'''
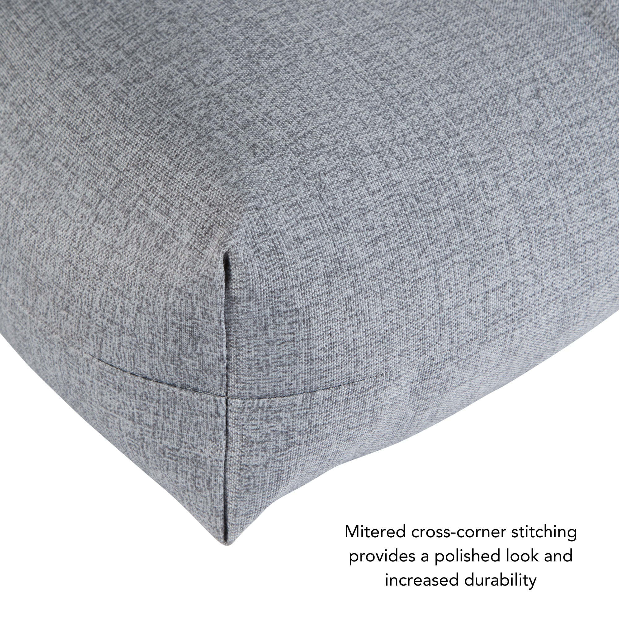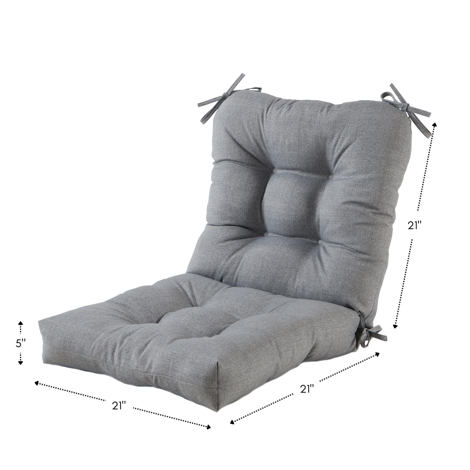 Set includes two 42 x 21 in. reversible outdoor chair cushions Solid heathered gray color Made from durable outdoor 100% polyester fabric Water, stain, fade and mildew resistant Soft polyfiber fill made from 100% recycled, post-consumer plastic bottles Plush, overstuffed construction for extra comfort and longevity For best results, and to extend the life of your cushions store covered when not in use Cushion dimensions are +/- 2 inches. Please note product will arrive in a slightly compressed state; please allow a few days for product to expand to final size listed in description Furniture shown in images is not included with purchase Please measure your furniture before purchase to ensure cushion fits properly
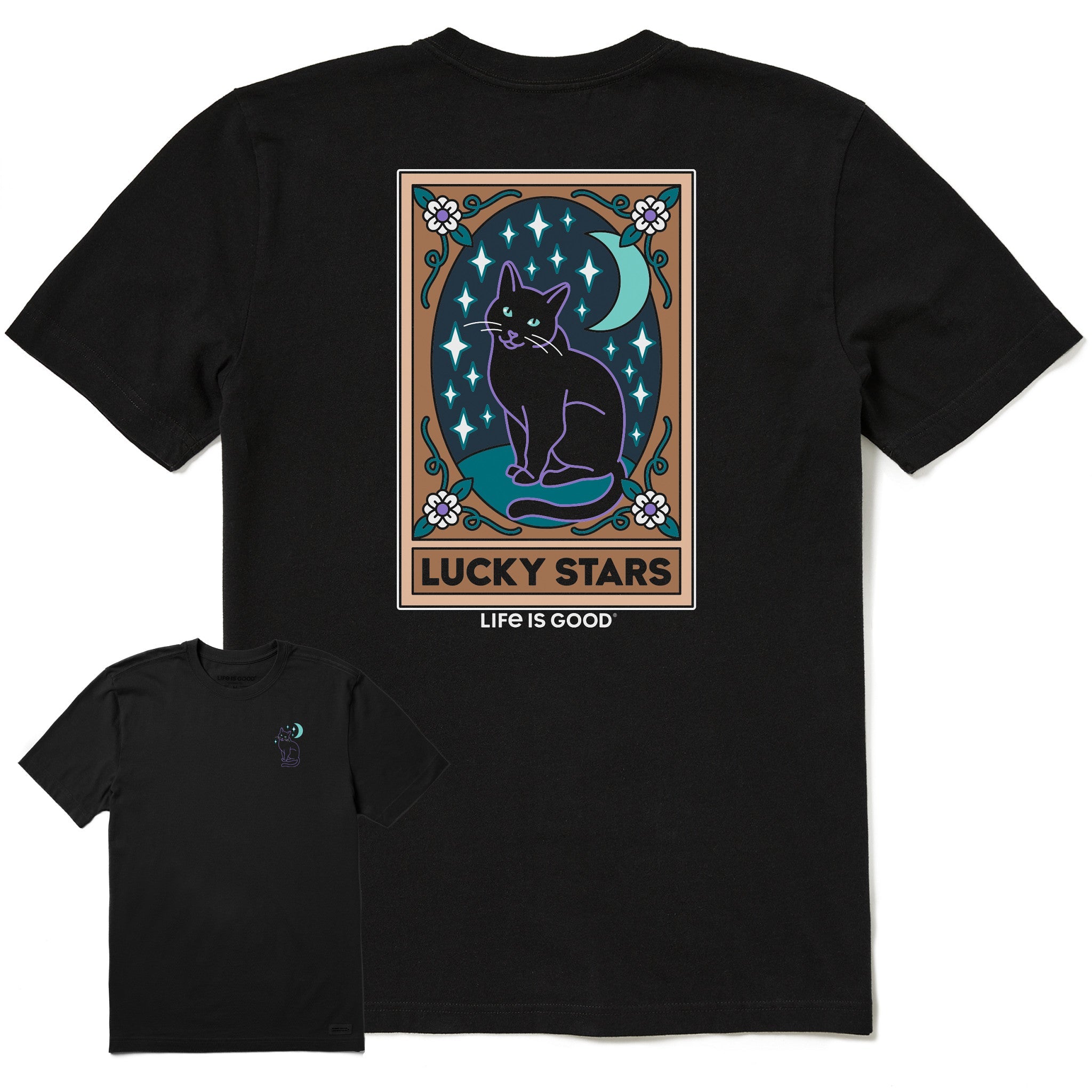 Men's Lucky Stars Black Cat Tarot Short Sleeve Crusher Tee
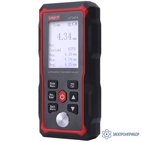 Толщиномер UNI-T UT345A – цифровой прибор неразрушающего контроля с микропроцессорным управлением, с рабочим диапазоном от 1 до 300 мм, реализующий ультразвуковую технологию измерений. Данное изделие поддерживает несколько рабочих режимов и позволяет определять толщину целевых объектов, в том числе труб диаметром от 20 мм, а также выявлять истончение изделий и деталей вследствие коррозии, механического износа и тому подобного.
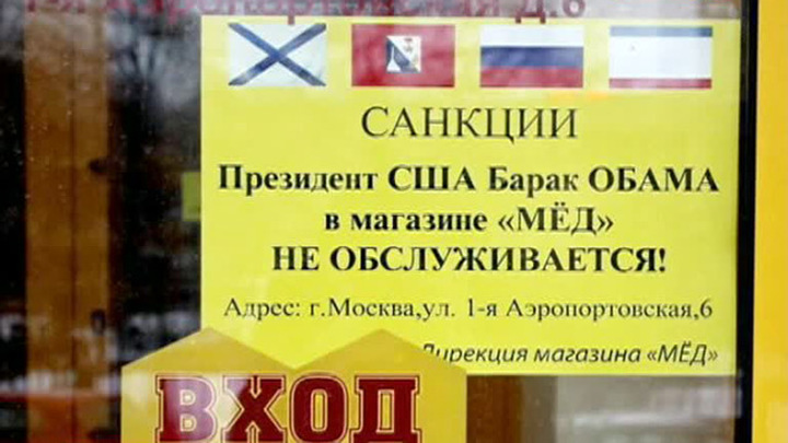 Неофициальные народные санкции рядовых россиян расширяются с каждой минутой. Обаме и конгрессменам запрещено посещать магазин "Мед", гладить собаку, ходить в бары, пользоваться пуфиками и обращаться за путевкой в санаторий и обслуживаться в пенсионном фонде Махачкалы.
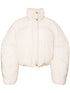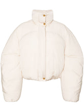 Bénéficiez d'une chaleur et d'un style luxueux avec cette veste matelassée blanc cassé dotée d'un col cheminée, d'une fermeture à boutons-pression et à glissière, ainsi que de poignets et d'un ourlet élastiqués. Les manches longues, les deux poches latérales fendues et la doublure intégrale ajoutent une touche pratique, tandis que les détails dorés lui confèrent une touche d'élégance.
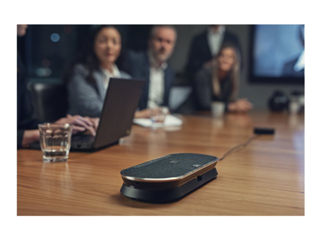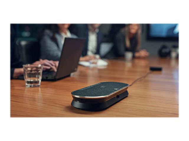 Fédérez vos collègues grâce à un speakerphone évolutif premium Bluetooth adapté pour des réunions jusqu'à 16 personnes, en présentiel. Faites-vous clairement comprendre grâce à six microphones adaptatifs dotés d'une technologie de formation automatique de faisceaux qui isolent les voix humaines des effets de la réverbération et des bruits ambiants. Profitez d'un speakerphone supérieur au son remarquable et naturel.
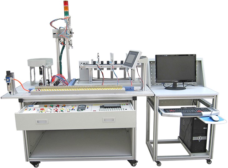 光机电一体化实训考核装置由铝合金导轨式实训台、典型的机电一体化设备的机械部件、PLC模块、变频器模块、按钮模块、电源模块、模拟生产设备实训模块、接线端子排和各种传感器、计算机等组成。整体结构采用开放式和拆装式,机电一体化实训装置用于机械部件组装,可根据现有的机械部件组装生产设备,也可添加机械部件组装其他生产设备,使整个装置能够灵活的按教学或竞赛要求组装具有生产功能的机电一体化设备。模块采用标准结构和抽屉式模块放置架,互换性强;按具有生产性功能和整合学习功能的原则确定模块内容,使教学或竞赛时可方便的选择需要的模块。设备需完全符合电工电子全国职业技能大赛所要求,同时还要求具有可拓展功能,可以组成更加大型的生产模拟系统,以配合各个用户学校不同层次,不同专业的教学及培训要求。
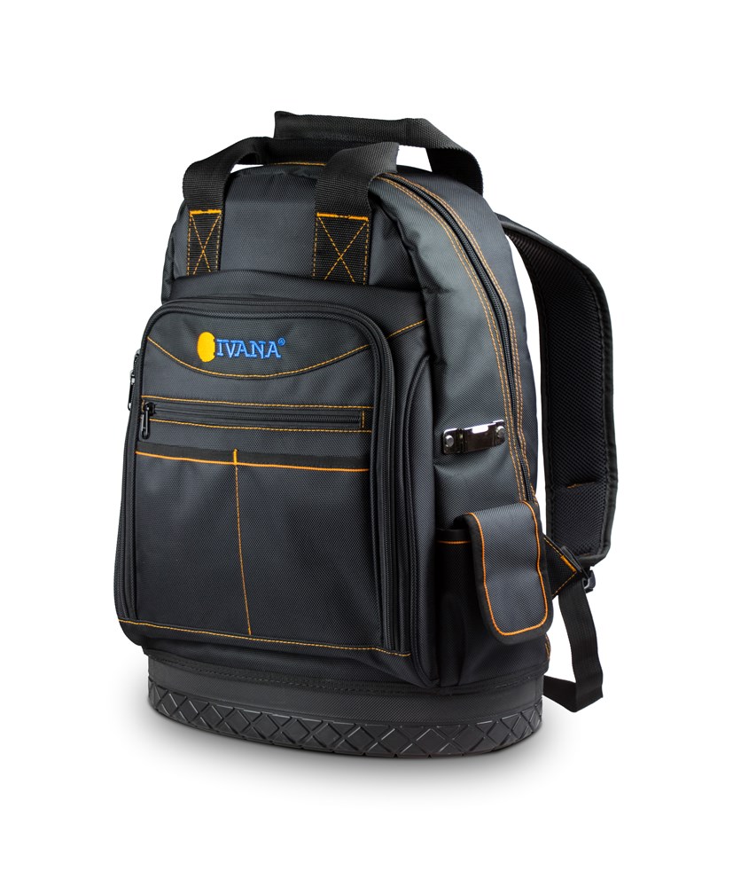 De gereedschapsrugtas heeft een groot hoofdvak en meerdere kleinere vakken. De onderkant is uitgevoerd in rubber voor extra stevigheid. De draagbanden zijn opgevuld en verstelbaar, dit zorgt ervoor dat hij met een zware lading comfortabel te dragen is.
'''
'''
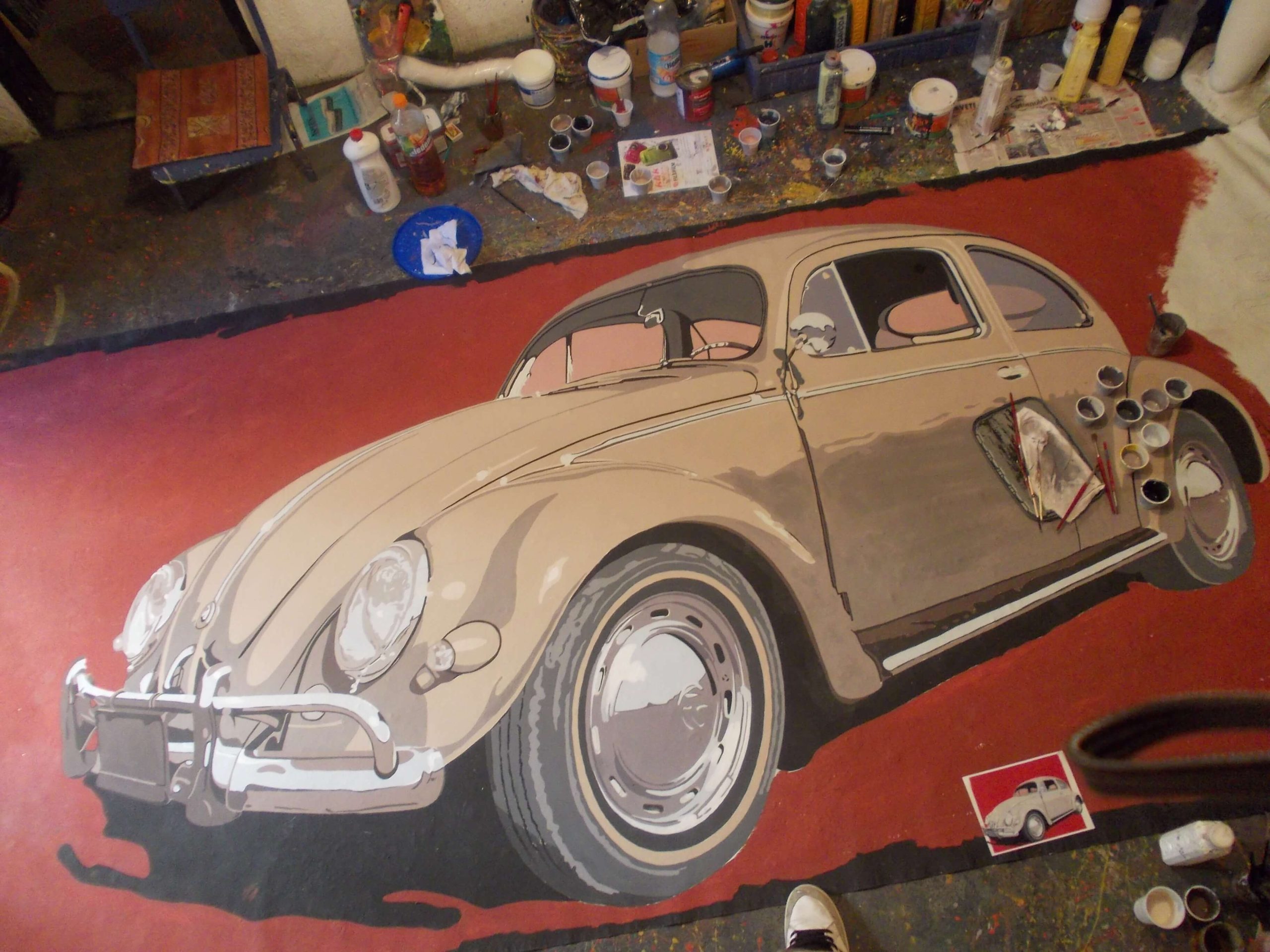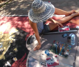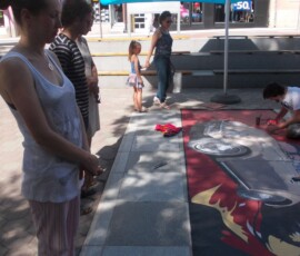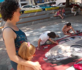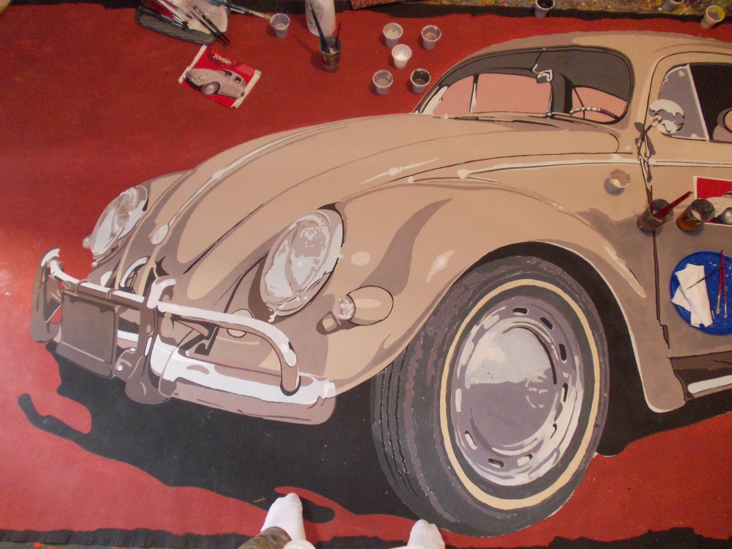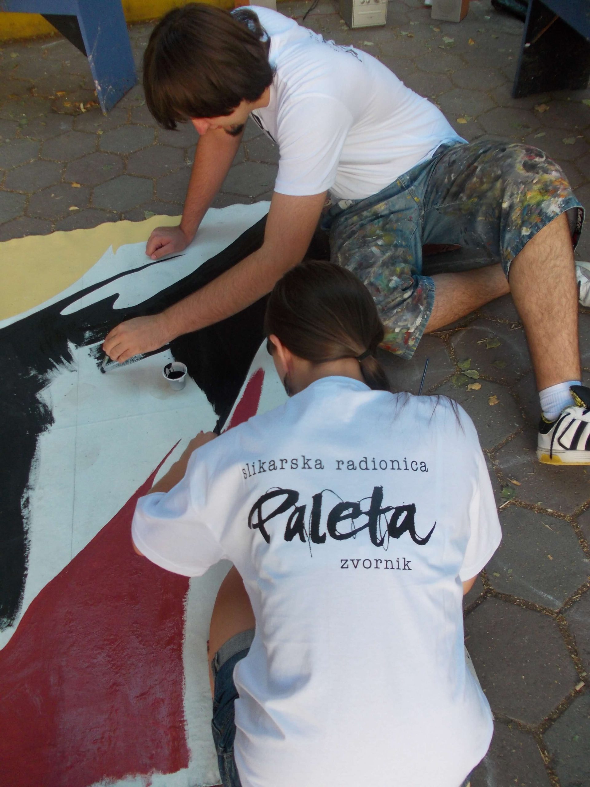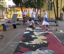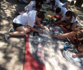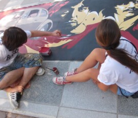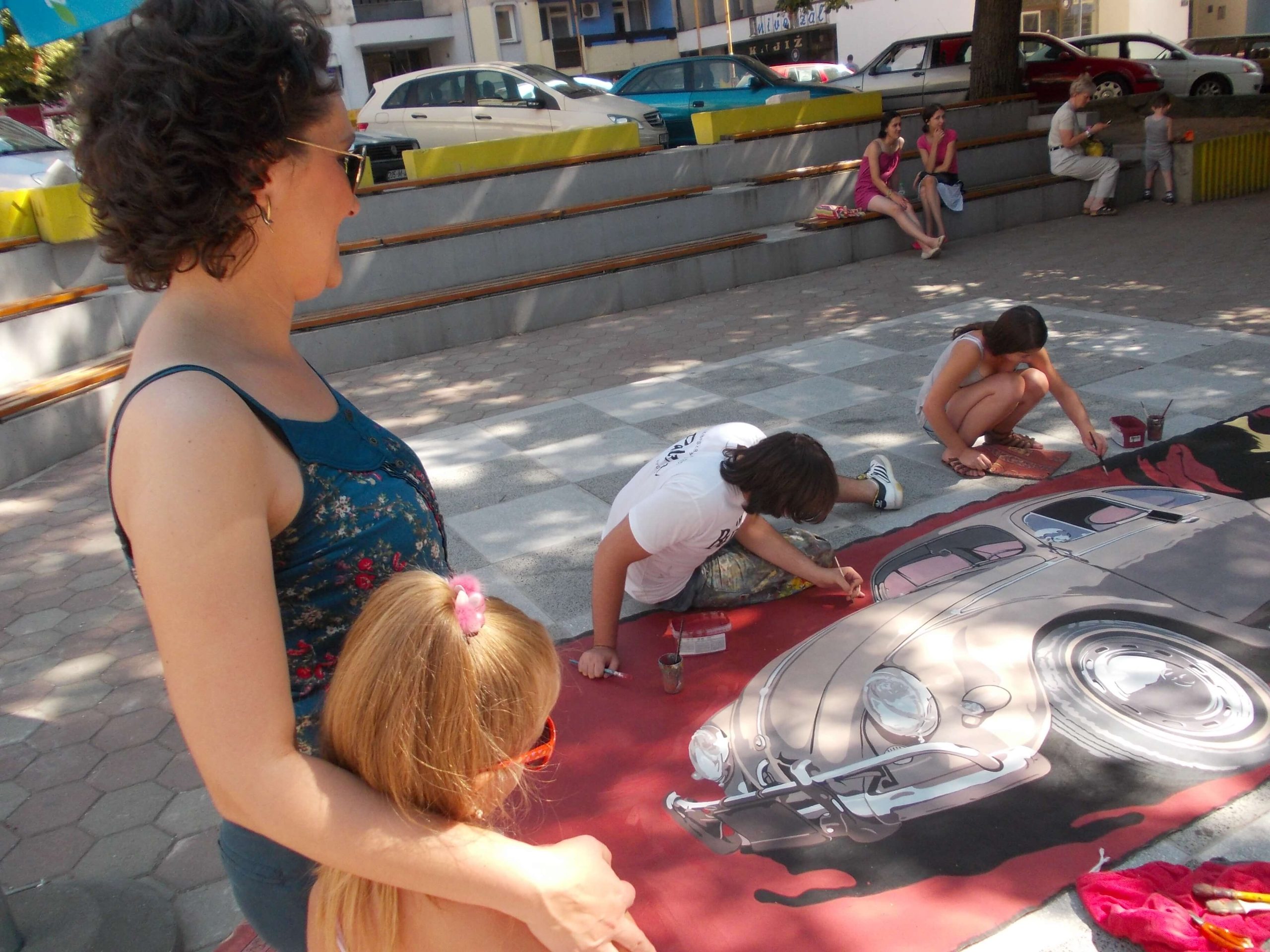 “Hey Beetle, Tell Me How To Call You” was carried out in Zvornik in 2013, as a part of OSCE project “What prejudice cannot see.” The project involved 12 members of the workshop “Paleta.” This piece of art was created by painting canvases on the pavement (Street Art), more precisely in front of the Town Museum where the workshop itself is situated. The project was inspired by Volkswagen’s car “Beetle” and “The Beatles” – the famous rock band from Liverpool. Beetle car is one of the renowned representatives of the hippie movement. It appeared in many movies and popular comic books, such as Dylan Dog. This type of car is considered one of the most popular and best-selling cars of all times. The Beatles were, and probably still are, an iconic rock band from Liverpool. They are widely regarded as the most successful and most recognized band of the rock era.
'''
**Exercise aim:**
Take the material above from the line bearing "Fédérez vos collègues" through the line bearing "De gereedschapsrugtas heeft" and write it out exactly, both end lines included. Pictures stay out.

**Answer area:**
 Fédérez vos collègues grâce à un speakerphone évolutif premium Bluetooth adapté pour des réunions jusqu'à 16 personnes, en présentiel. Faites-vous clairement comprendre grâce à six microphones adaptatifs dotés d'une technologie de formation automatique de faisceaux qui isolent les voix humaines des effets de la réverbération et des bruits ambiants. Profitez d'un speakerphone supérieur au son remarquable et naturel.
 光机电一体化实训考核装置由铝合金导轨式实训台、典型的机电一体化设备的机械部件、PLC模块、变频器模块、按钮模块、电源模块、模拟生产设备实训模块、接线端子排和各种传感器、计算机等组成。整体结构采用开放式和拆装式,机电一体化实训装置用于机械部件组装,可根据现有的机械部件组装生产设备,也可添加机械部件组装其他生产设备,使整个装置能够灵活的按教学或竞赛要求组装具有生产功能的机电一体化设备。模块采用标准结构和抽屉式模块放置架,互换性强;按具有生产性功能和整合学习功能的原则确定模块内容,使教学或竞赛时可方便的选择需要的模块。设备需完全符合电工电子全国职业技能大赛所要求,同时还要求具有可拓展功能,可以组成更加大型的生产模拟系统,以配合各个用户学校不同层次,不同专业的教学及培训要求。
 De gereedschapsrugtas heeft een groot hoofdvak en meerdere kleinere vakken. De onderkant is uitgevoerd in rubber voor extra stevigheid. De draagbanden zijn opgevuld en verstelbaar, dit zorgt ervoor dat hij met een zware lading comfortabel te dragen is.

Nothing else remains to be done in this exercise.